Três alterações se destacam:
- Pedidos a partir do território da UE — Uma das mudanças mais relevantes é que titulares de uma autorização de residência válida em qualquer Estado-Membro poderão solicitar o Single Permit sem precisar retornar ao país de origem. Essa regra deve entrar em vigor a partir de maio de 2026, salvo se algum Estado antecipar a implementação.
- Prazo máximo de decisão reduzido a 90 dias — O tempo de resposta passará a ser obrigatório após a transposição nacional. O prazo de 90 dias já inclui eventuais testes de mercado de trabalho.
- Maior segurança jurídica — A Diretiva reforça o princípio da igualdade de tratamento entre trabalhadores estrangeiros e nacionais, amplia o acesso a direitos laborais essenciais e torna o status migratório mais previsível e contínuo.
O que a Diretiva NÃO faz?
- A Diretiva não concede cidadania europeia.
- Não elimina os requisitos nacionais de imigração.

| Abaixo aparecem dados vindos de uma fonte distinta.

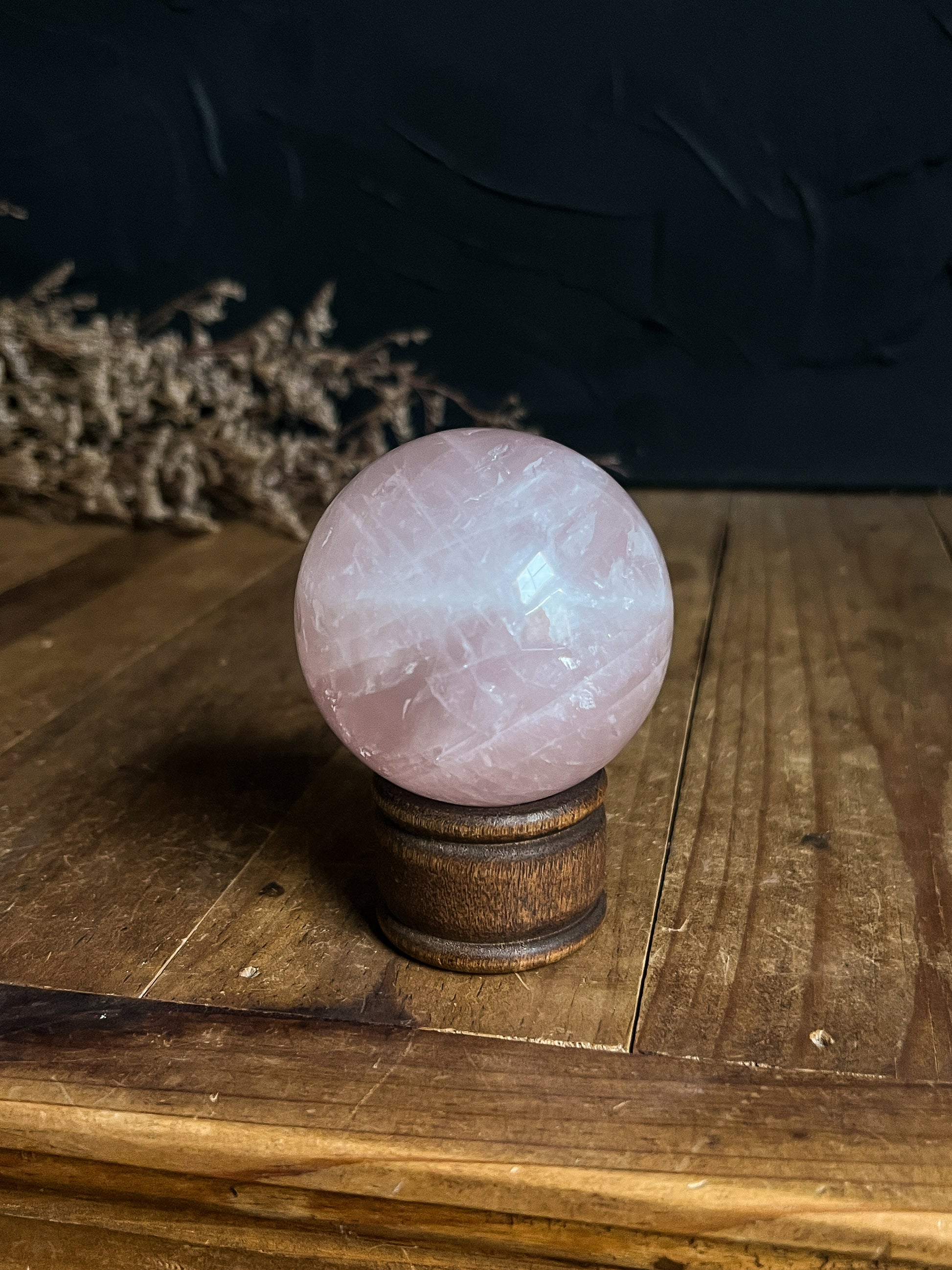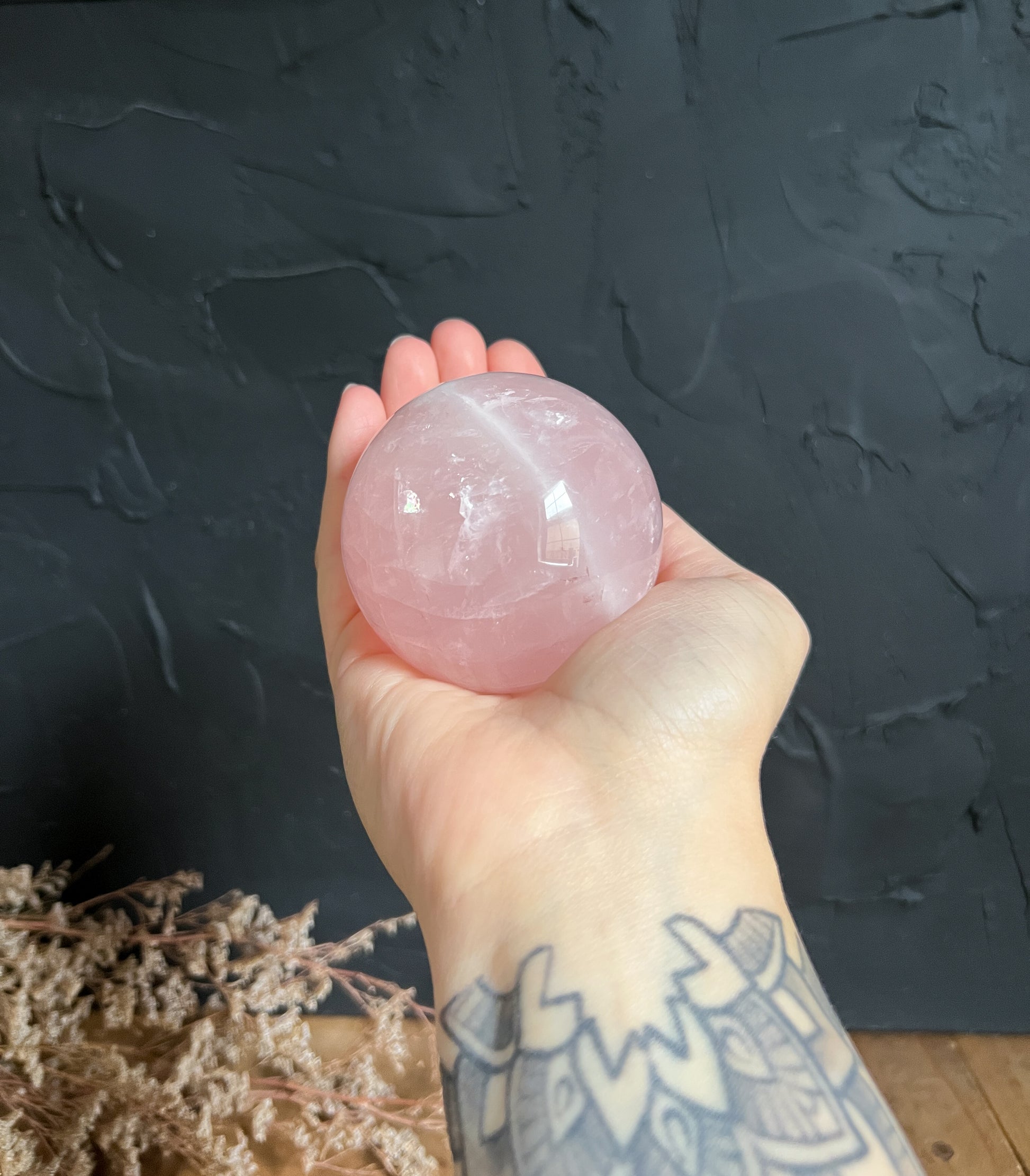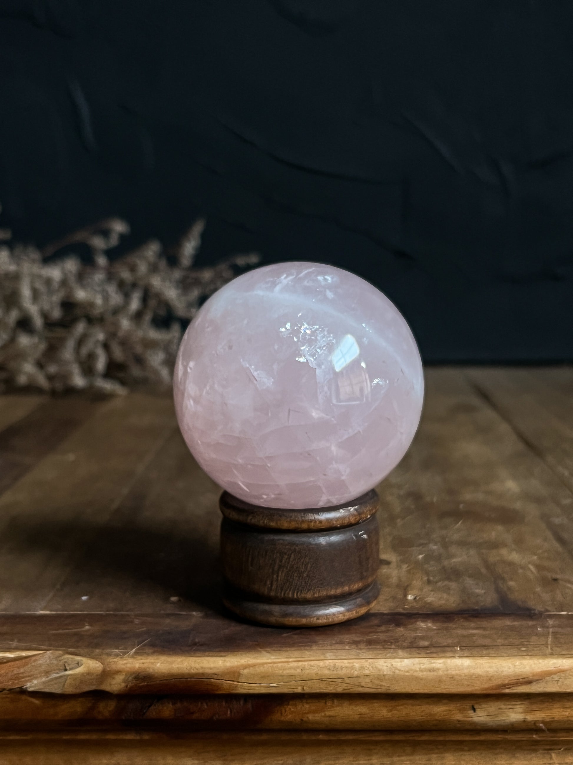 Beautiful little rainbows, shimmers and inclusions through out! This is one of our favourite Rose Quartz Spheres we've come across.

- Não regulariza automaticamente situações irregulares.
- Cada Estado-Membro continua competente para definir salários mínimos, estabelecer condições de trabalho e avaliar os pedidos individualmente.
A Diretiva (UE) 2024/1233 representa um avanço concreto na política de imigração laboral europeia. No entanto, os seus benefícios só estarão plenamente disponíveis após a implementação nacional.
Até lá, continuam a aplicar-se as regras de cada país.
Se você está planejando trabalhar em um país da UE, entender esse cenário com antecedência é parte essencial de uma estratégia migratória sólida.